F
Fenstermacher
Guest
Over at Wittenberg trail I was asking for help on the following:
I'm repeating it here for your valuable input.
I am involved in a discussion with some Reformed friends and was told that Lutherans teach the ubiquity of Christ's Body and that the Communication of Attributes both in our Christology and Sacramentology are "subchalcedonian". I am aware of the distinction between "local extension" and ubiquity proper and that the former is a Calvinist fiction.
There seems to be an irony here because I see in Reformed theology not only a penchant for gross rationalism but a certain species of Nestorianism.
The discussion began with me asserting that statements to the effect that "God died" at Calvary, while essentially statements of devotion and of awe, are still not entirely improper. I noted that Luther was find of saying things like this and was pleased to see that Mueller agreed. Anyway, my Reformed friends blew a gasket insisting that, at the Cross our Lord's human nature died but that it was nonsense and possibly blasphemous to speak of God dying.

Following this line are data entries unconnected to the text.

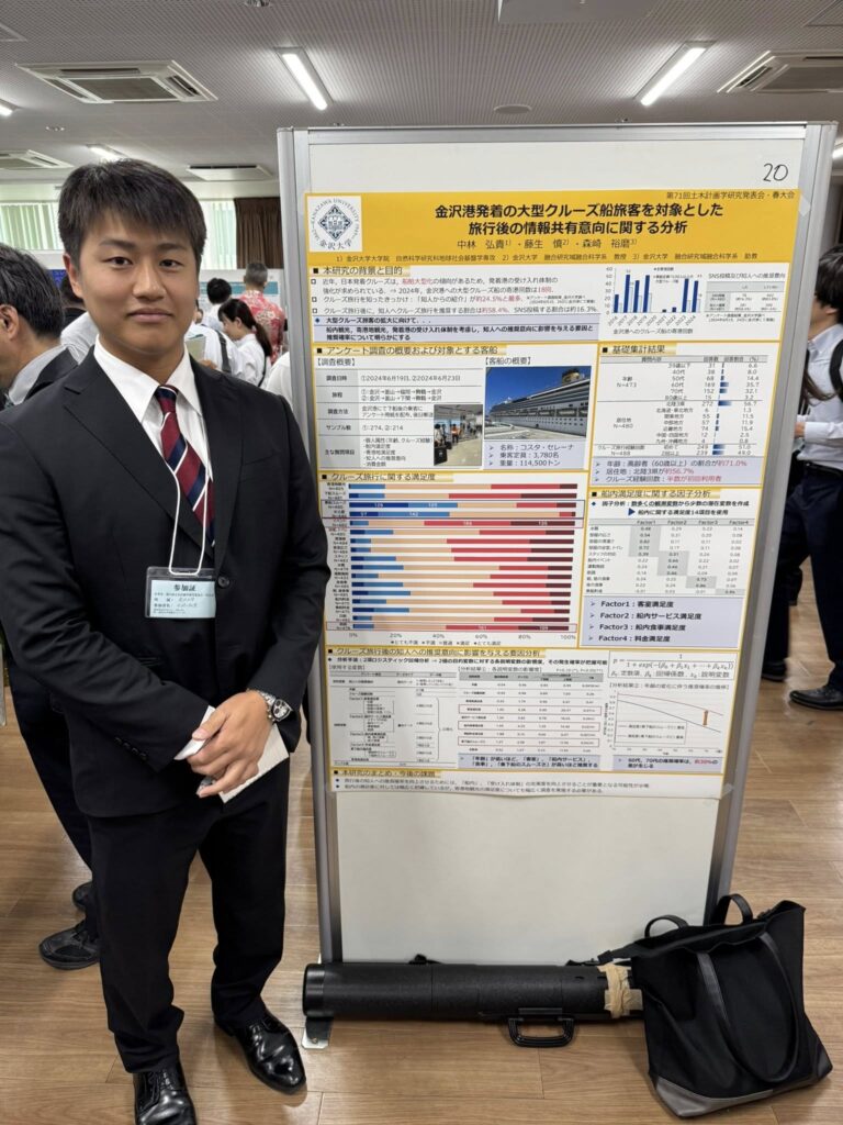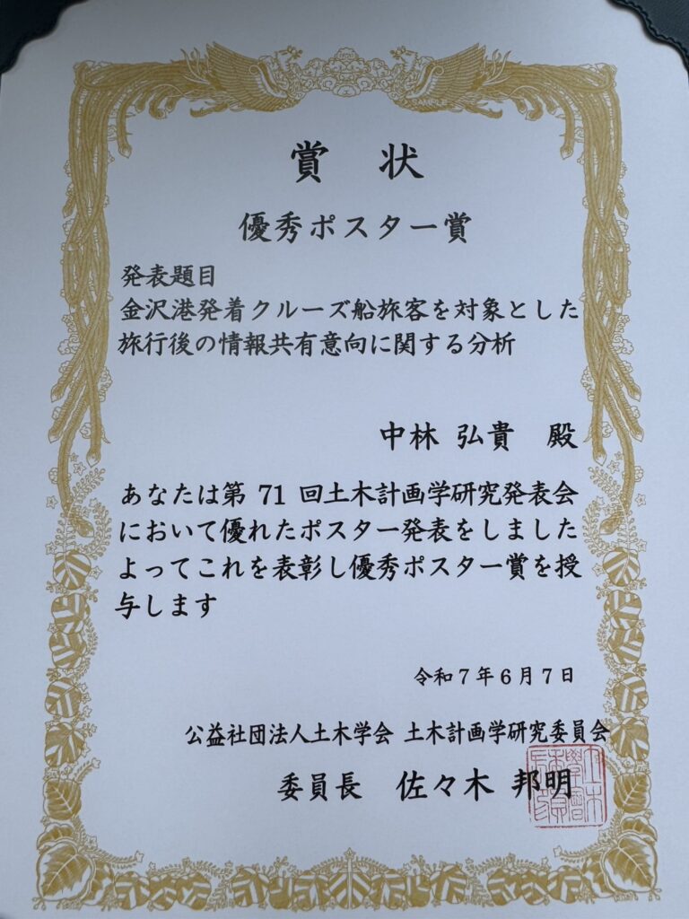 2025.09.18 NEWS 本学学生が学会にて優秀ポスター賞を受賞 2025年6月7日から6月8日にかけて香川大学で開催された第71回土木計画学研究発表会・春大会において、金沢大学大学院自然科学研究科地球社会基盤学専攻の中林弘貴さん(指導教員:藤生慎教授)が優秀ポスター賞を受賞しました。 題目:金沢港発着クルーズ船旅客を対象とした旅行後の情報共有意向に関する分析 優秀ポスター賞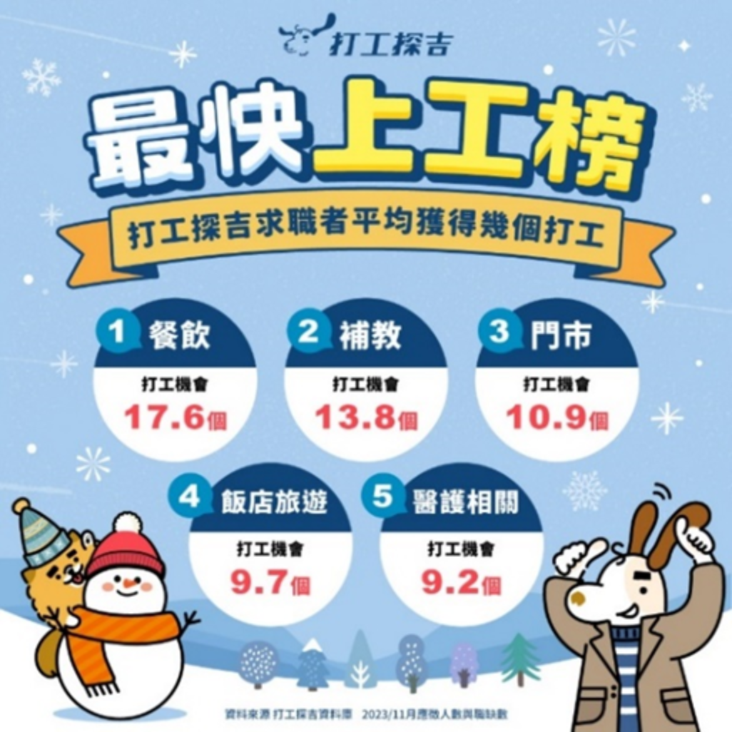 寒假打工,想快速上工怎麼做?104人力銀行顧客價值處資深協理翁維薇指出,疫後內需爆發,餐飲業、服務業大缺工,同時迎戰春節消費人潮,觀察104打工探吉,找尋餐飲工作的打工族,每人平均可獲得17.6個打工機會最多,第二名則是補教工作,每人平均有13.8個打工機會,門市工作的求職者,每人可獲得10.9個工作機會位居第三。104打工探吉也透過社群詢問大學生最常打工的類型,在回收的600多個回答中,有5成以上學生做過餐飲、補習班、門市相關工作,呼應民生消費產業好上工的程度。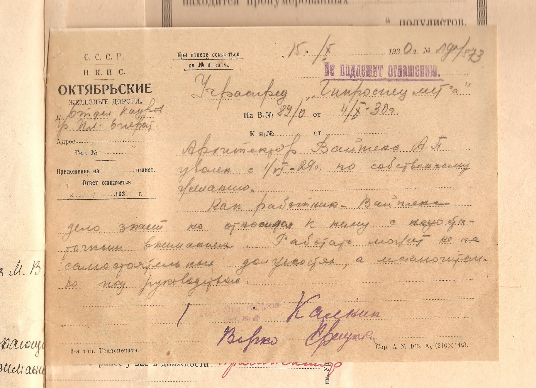 Архитектор Вайтенс А.П. уволился по собственному желанию из стойконторы ОЖД в 1929 г. и подал заявление о приеме на работу в качестве архитектора в "закрытую контору" ГИПРОСПЕЦМЕТ.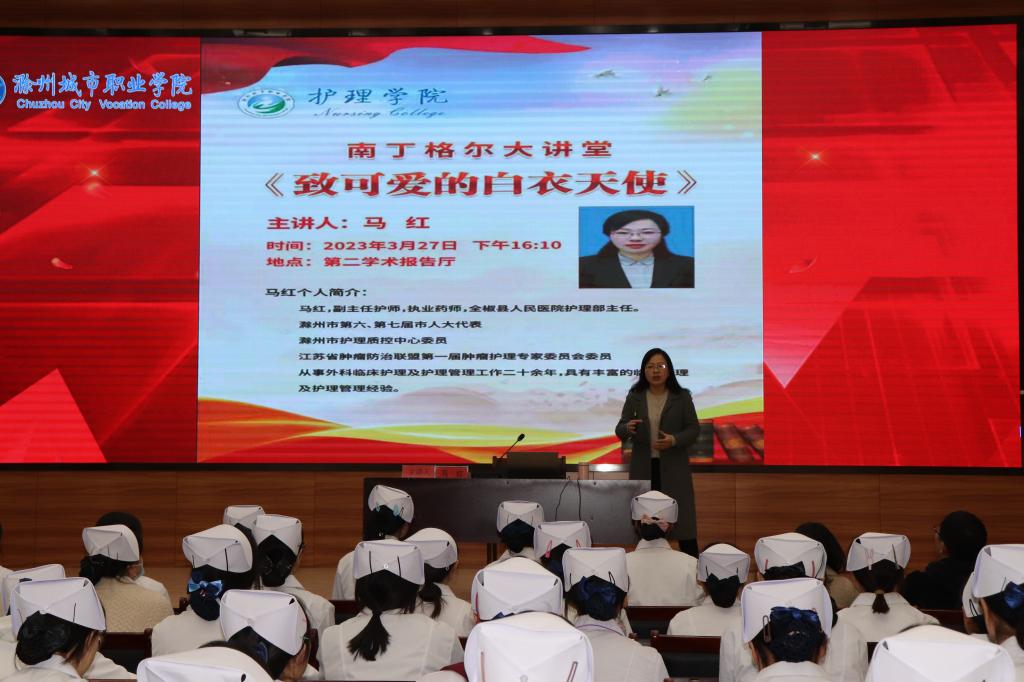 为深入学习贯彻党的二十大精神,坚持人民至上、生命至上的根本要求,培养护生责任意识,3月27日下午,护理学院南丁格尔大讲堂在第二学术报告厅开讲,诚邀全椒县人民医院护理部主任马红做了主题为《致敬可爱的白衣天使》专题讲座。护理学院师生代表近150人参加了讲座。马红主任结合护生即将走上实习岗位,立足专业角度,从医院概况、科室设置、护理工作开展情况、疫情防控工作四个方面,给护生做了一次生动的岗前培训,让同学们...

At any rate, I need an argument for what I have come to believe; i.e. that a truly chalcedonian christology requires that in Christ the two natures, while "unmingled" and distinct are necessarily duly intercommunicated such that the expression "God-man" has real meaning; that is, that Christ is in fact a Divine Man such that it is proper not only to say that Mary was the mother of God but that in some tremendous sense, at the cross, God died.
I have Mueller, as I mentioned and he is helpful. I also have Kelly for an early church survey and Sasse on the Lord's Supper but he doesn't say much about the CA.
This is a lot, I know, but to boil it down, since I asserted that the Lutheran perspective on the CA is more historically consistent and more properly Chalcedonian, I am looking for patristic references and exposition of Chalcedon which supports our Chrisology in this matter.
Any help would be appreciated.
I'm repeating it here for your valuable input.